> What needs to be done:
Reproduce everything from the line that contains "Paquete de 4" down to the line that contains "作为学霸宿舍成员之一的李婵谷" in the listing below, word for word and nothing more. Leave the pictures out.

> Supplied data:
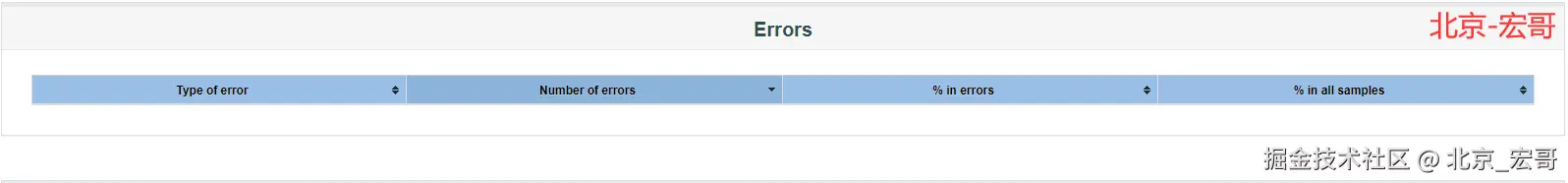 错误表提供了所有错误及其在总请求中所占比例的摘要。Errors: 错误情况,依据不同的错误类型,将所有错误结果展示。
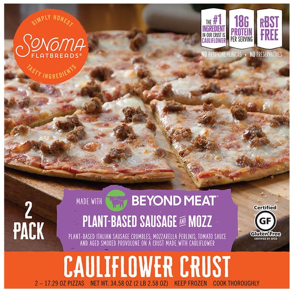Crust (Flour [Wheat Flour, Malted Barley Flour], Cauliflower, Pea Protein, Yeast, Canola Oil, Sugar, Salt), Sauce (Water, Tomato Paste, Sugar, Salt, Garlic Powder, Basil, Oregano, Xanthan Gum, Black Pepper), Cooked Chicken Sausage Crumbles (Skinless Chicken Meat, Natural Flavors, Salt), Reduced Fat Mozzarella Cheese (Pasteurized Part-Skim Milk, Nonfat Milk, Cheese Cultures, Modified Corn Starch (Ingredients Not in Regular Mozzarella Cheese), Salt, Vitamin A Palmitate, and Enzymes [(Ingredients Not in Regular Mozzarella Cheese]), Red Onion, Red Bell Peppers, Green Bell Peppers.
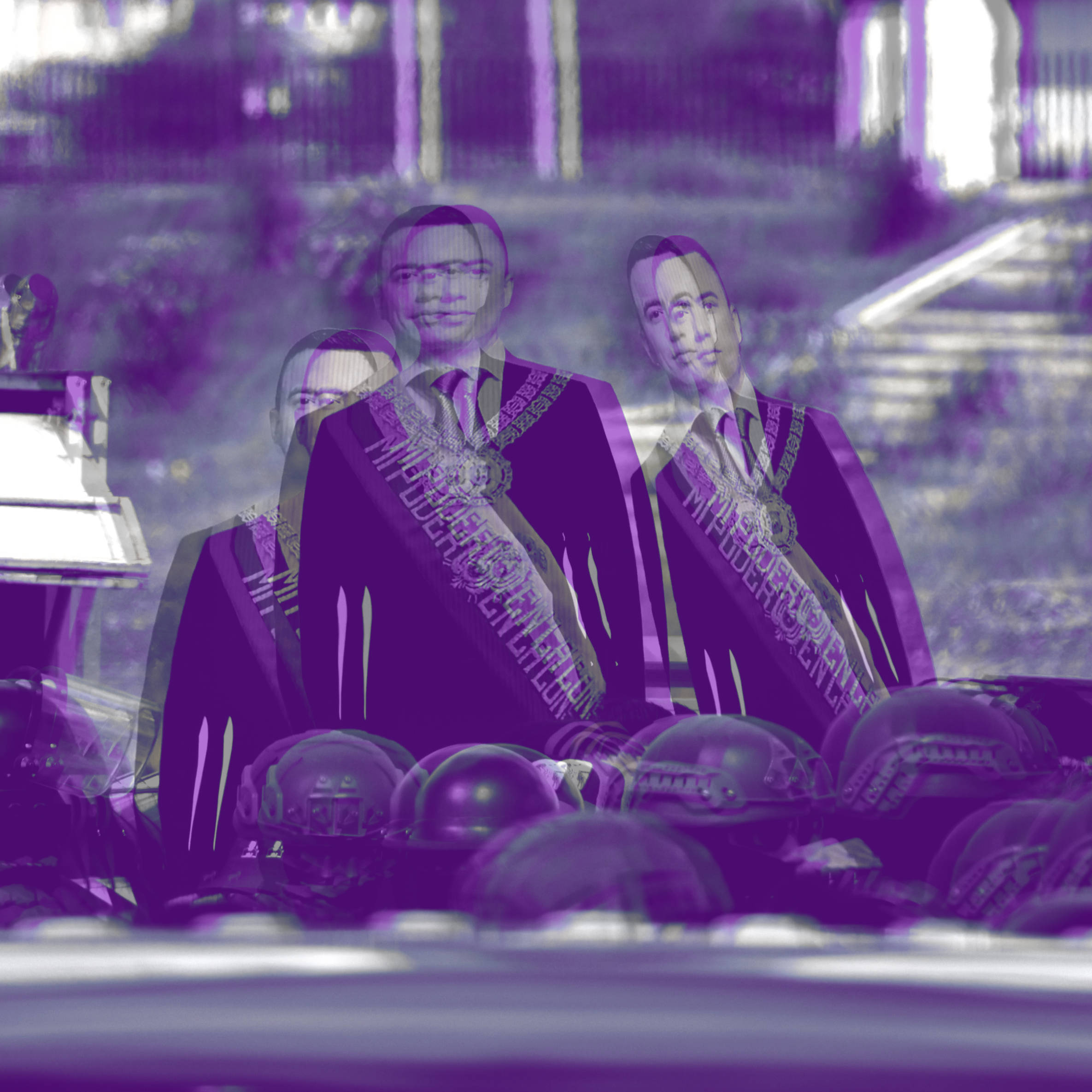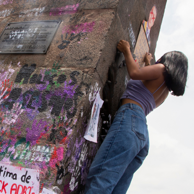 Portada: Se lee “Milicos asesinos” y otros mensajes pintados sobre el pedestal del monumento a Sucre en la plaza de Santo Domingo, Quito. 8 de marzo de 2025. Foto: Vanessa Terán.
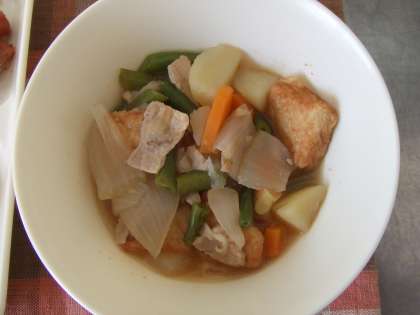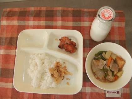 5月17日(水)の給食は鶏肉のてり焼き、じゃがいもとあつあげの煮物、ごまかかいためです。鶏肉は甘辛くしっかり味がついていました。じゃがいもとあつあげの煮物はほくほくのじゃがいもに厚揚げ、三度豆、豚肉、にんじん、玉ねぎ、きゃべつが入ってご飯に合うおいしい味付けでした。ごまかかいためはたけのこに甘辛いうすあじがついてかつおぶしといりごまの風味がしておいしかったです。ごちそうさまでした。
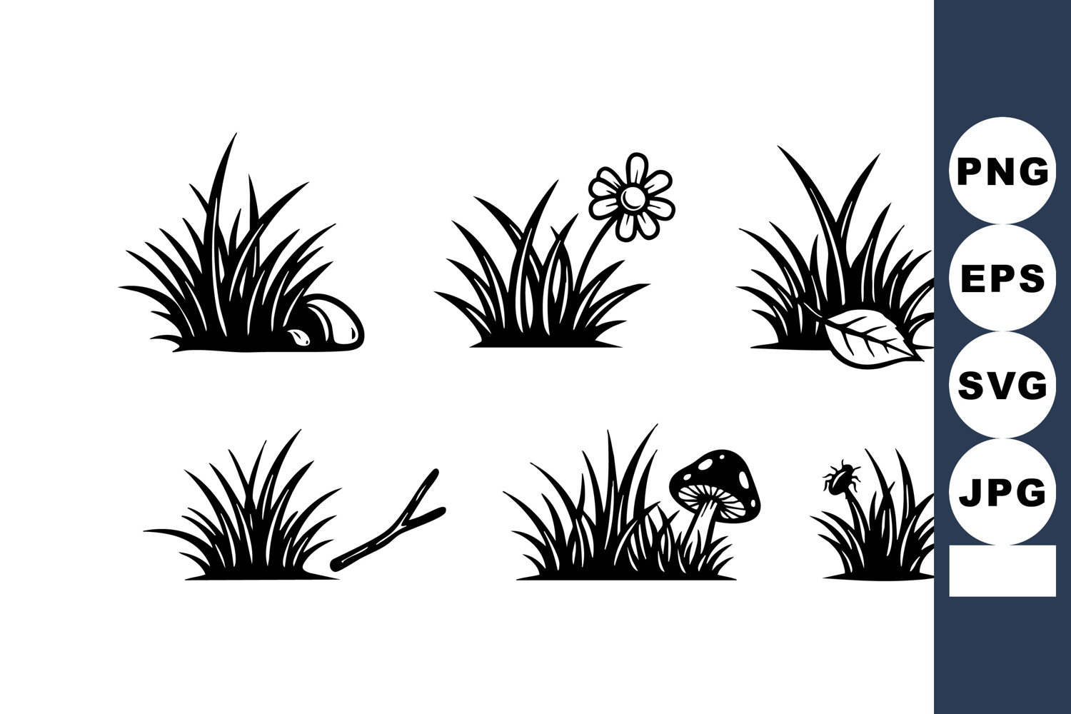 This vector features six black silhouettes of grass clusters with various natural elements including flowers, leaves, mushrooms, stones, and twigs. Minimalist and organic style. Calm.
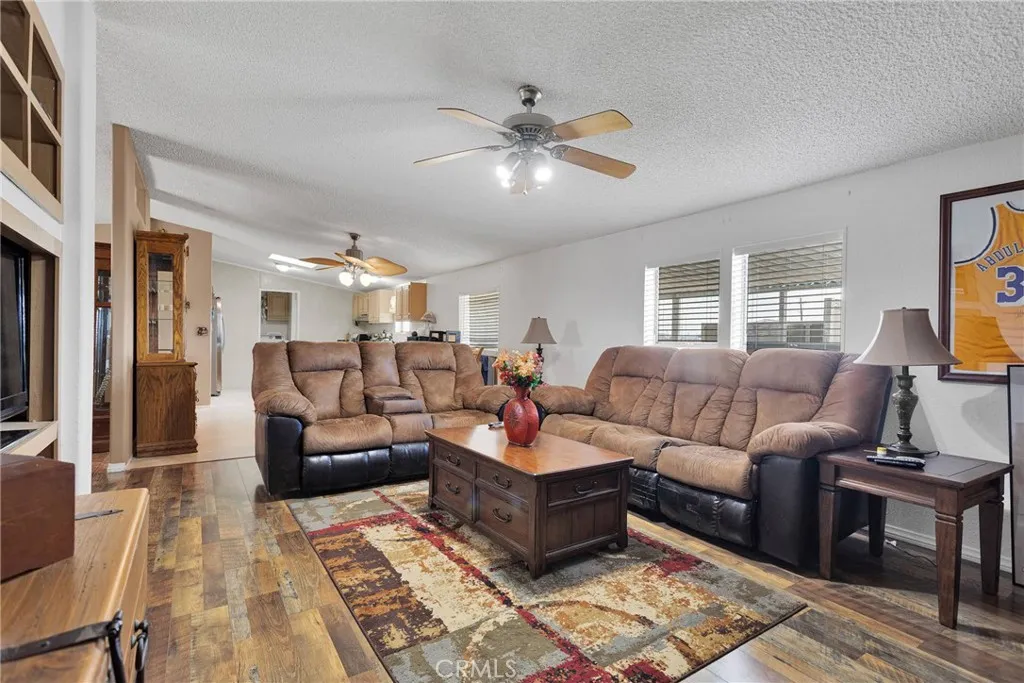Charming 4-bedroom, 2-bathroom Mobile Home on Permanent Foundation with Modern Updates! This spacious 2002 mobile home is set upon perm foundation with a 2-car detached garage. This property offers an ideal blend of comfortable living and convenience. Split floor plan, large primary suite, with TV area or office, with en suite bathroom and walk in closet. 2 additional bedrooms have wardrobe closets. Ample storage with 2 extra sheds, free standing spa with privacy screening, built in BBQ, and covered patio make a perfect area for entertaining. Large kitchen with center island and a separate room for laundry, washer, and dryer. Even a freezer will fit in there. Recent upgrades include newer flooring in the living room, family room, hall, and one bedroom. Brand new roof was installed in 2024, giving you peace of mind for years to come. Could be horse property, fence does not include the entire property, section in back could be for barn and arena.
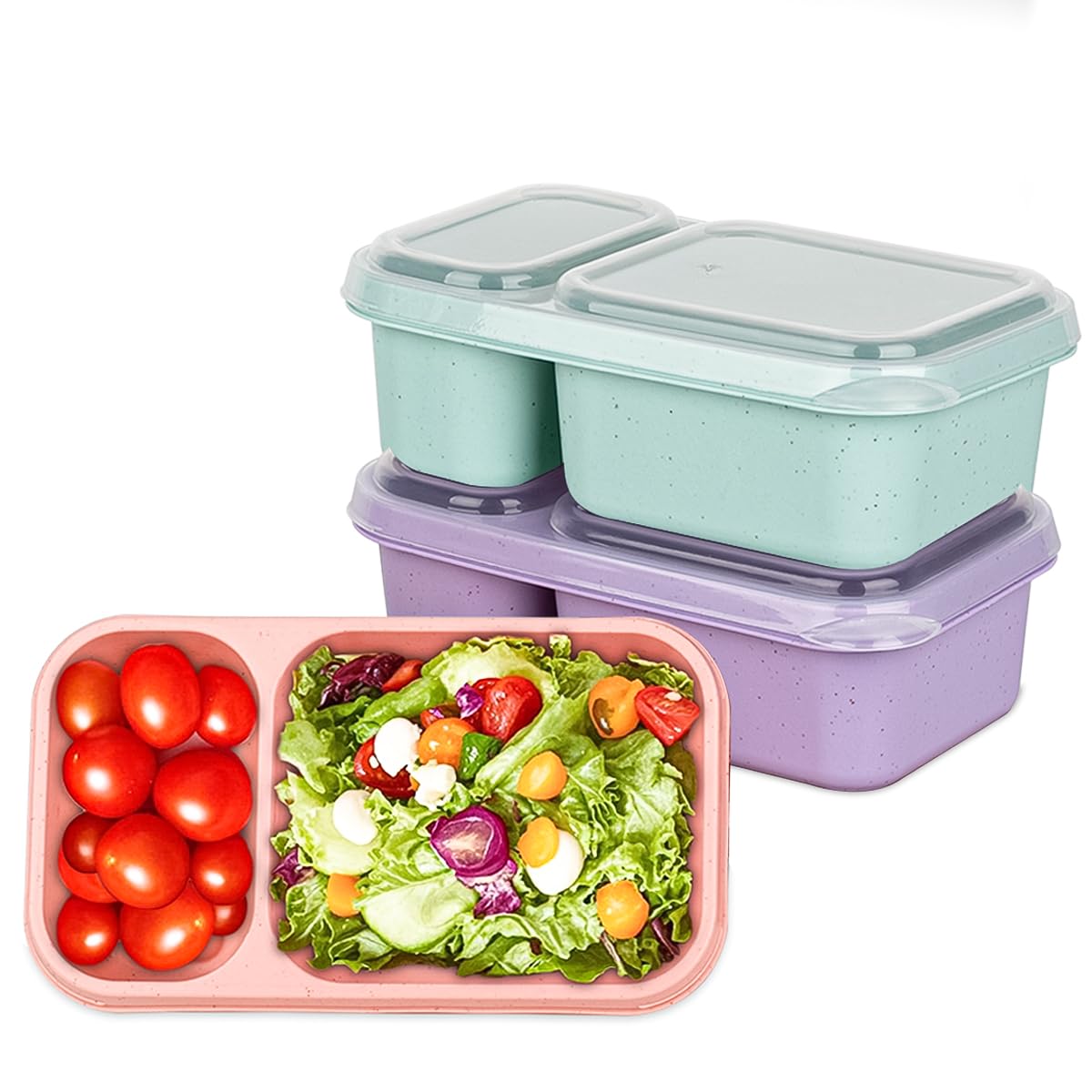 Paquete de 4 recipientes Bento para aperitivos, 4 compartimentos para almacenamiento de alimentos, lonchera de paja de trigo, cont
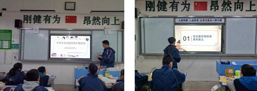 學(xué)校法治教育領(lǐng)導(dǎo)小組召開(kāi)會(huì)議、制定學(xué)習(xí)活動(dòng)計(jì)劃。德育成長(zhǎng)中心負(fù)責(zé)制定實(shí)施方案;班主任組織主題班會(huì)、晨讀。
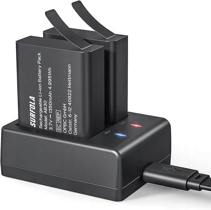 Акумулятор Surfola Action Cam ємністю 1350 мАг (2 шт.), із зарядним пристроєм із двома портами USB, сумісний із акумуляторами для спортивних камер Apexcam/Rollei
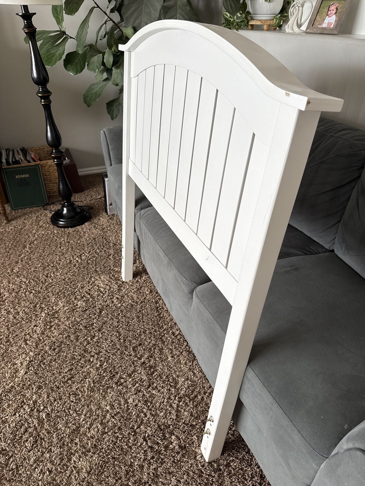VenmoLarge headboard in good condition, comes with metal twin bed frame that it attaches to. Great condition, it’s just too tall in the spot I need to put it. 44 1/2 inches tall, 3 inches deep, 39 inches wide.
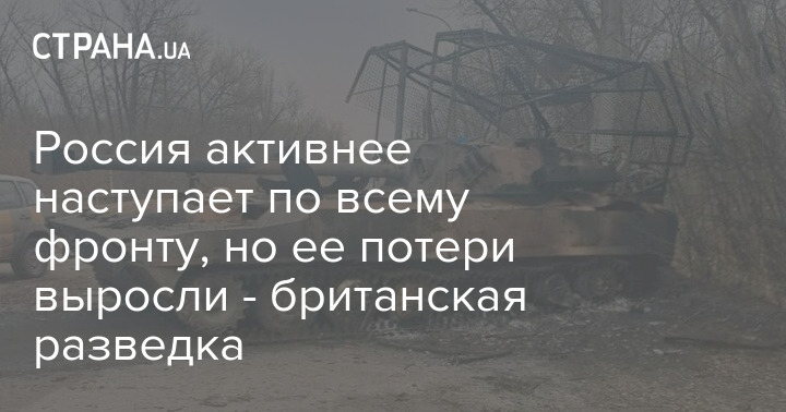 Британская разведка также отмечает, что за последние пять дней потери российской военной техники возросли на 88%, а количество уничтоженных танков РФ – на 95%. В то же время потери среди российских военнослужащих увеличились на 15%.
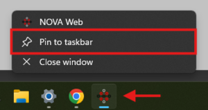 - Once installed, the NOVA Web app will open in its own window and appear on your taskbar. Right-click the icon and select “Pin to taskbar” for quick access in the future.
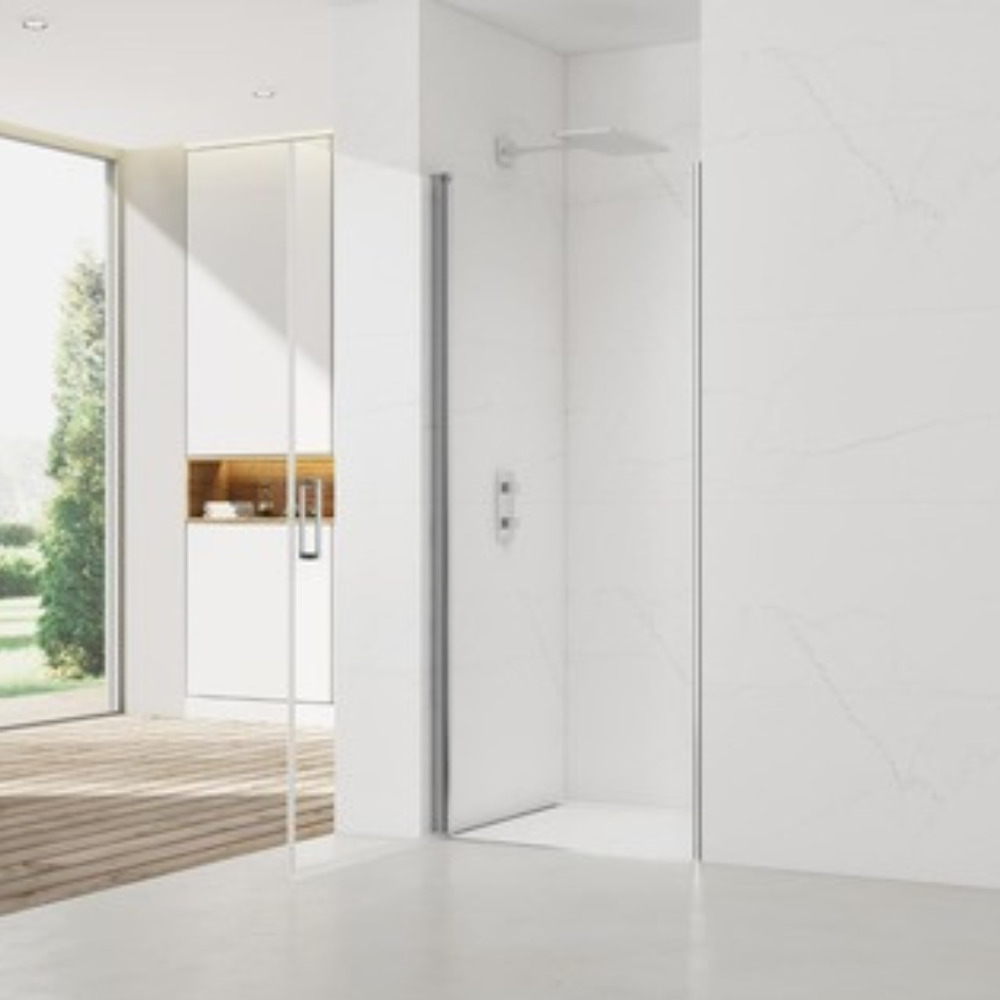 - Swiss Aqua Technologies Fusion by Siko Porte de douche 100x196 cm transparente Easy Clean, ouverture à pivot, chrome (SATFUD100CRT)
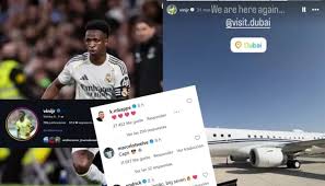 وتابع: “بعد ساعات قليلة فقط، غادر فينيسيوس العاصمة مدريد متجهًا إلى دبي، الأمر الذي فتح باب التأويلات على مصراعيه، خاصة مع تصاعد الحديث عن توتر العلاقة بين اللاعب والجماهير، إلا أن مصادر داخل النادي أوضحت أن السفر جاء ضمن اتفاقية رسمية تجمع ريال مدريد بهيئة السياحة في دبي، تهدف إلى تصوير مواد إعلانية ترويجية، في إطار شراكة تسويقية مستمرة سبق أن شارك فيها عدد من لاعبي الفريق”.
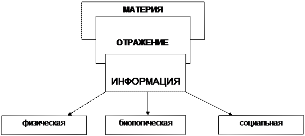 Взаимосвязь движения (потоков информации) с материей (структурами) приводит к понятию «отражения», т.е. к свойству материи запечатлевать и сохранять в своей структуре следы воздействия другой системы. Отражение - одно из свойств материи (пространство, время, движение), причём оно развивается вместе с развитием материи. По А. Урсулу, информация - отраженное разнообразие реального мира и чем разнообразнее система, тем более адекватно отображает она мир. Составляющие информации представлены на рис 1.2
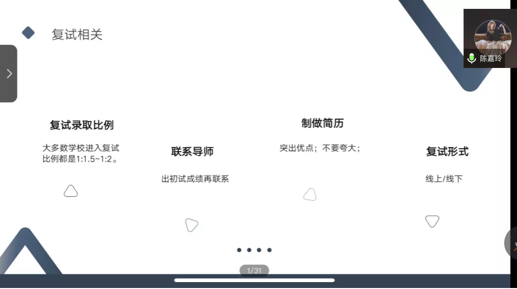 作为学霸宿舍成员之一的李婵谷从自身考研原因、考研经历和今年考研形势进行了经验分享。就考研科目而言,她说道:“中山大学学硕和专硕在初试笔试方面和复试面试方面均有很大的不同。”初试专业课如何准备?怎样复习?她均给出了详细地建议和方法。
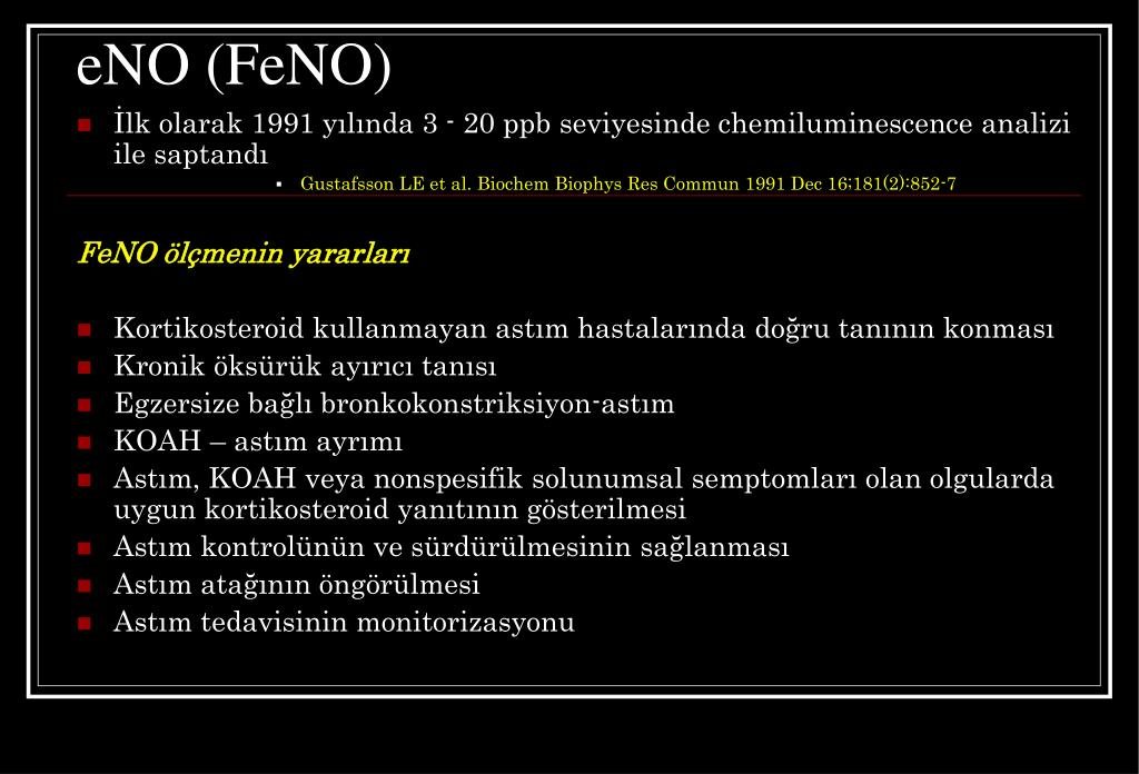 Fraksiyone Nitrik Oksit (FeNO), astımda hava yolu inflamasyonu varlığını ve derecesini belirlemek ya da tedavi başarısını izlemek için yararlı testlerden biridir

> Expected answer:
 Paquete de 4 recipientes Bento para aperitivos, 4 compartimentos para almacenamiento de alimentos, lonchera de paja de trigo, cont
 學(xué)校法治教育領(lǐng)導(dǎo)小組召開(kāi)會(huì)議、制定學(xué)習(xí)活動(dòng)計(jì)劃。德育成長(zhǎng)中心負(fù)責(zé)制定實(shí)施方案;班主任組織主題班會(huì)、晨讀。
 Акумулятор Surfola Action Cam ємністю 1350 мАг (2 шт.), із зарядним пристроєм із двома портами USB, сумісний із акумуляторами для спортивних камер Apexcam/Rollei
VenmoLarge headboard in good condition, comes with metal twin bed frame that it attaches to. Great condition, it’s just too tall in the spot I need to put it. 44 1/2 inches tall, 3 inches deep, 39 inches wide.
 Британская разведка также отмечает, что за последние пять дней потери российской военной техники возросли на 88%, а количество уничтоженных танков РФ – на 95%. В то же время потери среди российских военнослужащих увеличились на 15%.
 - Once installed, the NOVA Web app will open in its own window and appear on your taskbar. Right-click the icon and select “Pin to taskbar” for quick access in the future.
 - Swiss Aqua Technologies Fusion by Siko Porte de douche 100x196 cm transparente Easy Clean, ouverture à pivot, chrome (SATFUD100CRT)
 وتابع: “بعد ساعات قليلة فقط، غادر فينيسيوس العاصمة مدريد متجهًا إلى دبي، الأمر الذي فتح باب التأويلات على مصراعيه، خاصة مع تصاعد الحديث عن توتر العلاقة بين اللاعب والجماهير، إلا أن مصادر داخل النادي أوضحت أن السفر جاء ضمن اتفاقية رسمية تجمع ريال مدريد بهيئة السياحة في دبي، تهدف إلى تصوير مواد إعلانية ترويجية، في إطار شراكة تسويقية مستمرة سبق أن شارك فيها عدد من لاعبي الفريق”.
 Взаимосвязь движения (потоков информации) с материей (структурами) приводит к понятию «отражения», т.е. к свойству материи запечатлевать и сохранять в своей структуре следы воздействия другой системы. Отражение - одно из свойств материи (пространство, время, движение), причём оно развивается вместе с развитием материи. По А. Урсулу, информация - отраженное разнообразие реального мира и чем разнообразнее система, тем более адекватно отображает она мир. Составляющие информации представлены на рис 1.2
 作为学霸宿舍成员之一的李婵谷从自身考研原因、考研经历和今年考研形势进行了经验分享。就考研科目而言,她说道:“中山大学学硕和专硕在初试笔试方面和复试面试方面均有很大的不同。”初试专业课如何准备?怎样复习?她均给出了详细地建议和方法。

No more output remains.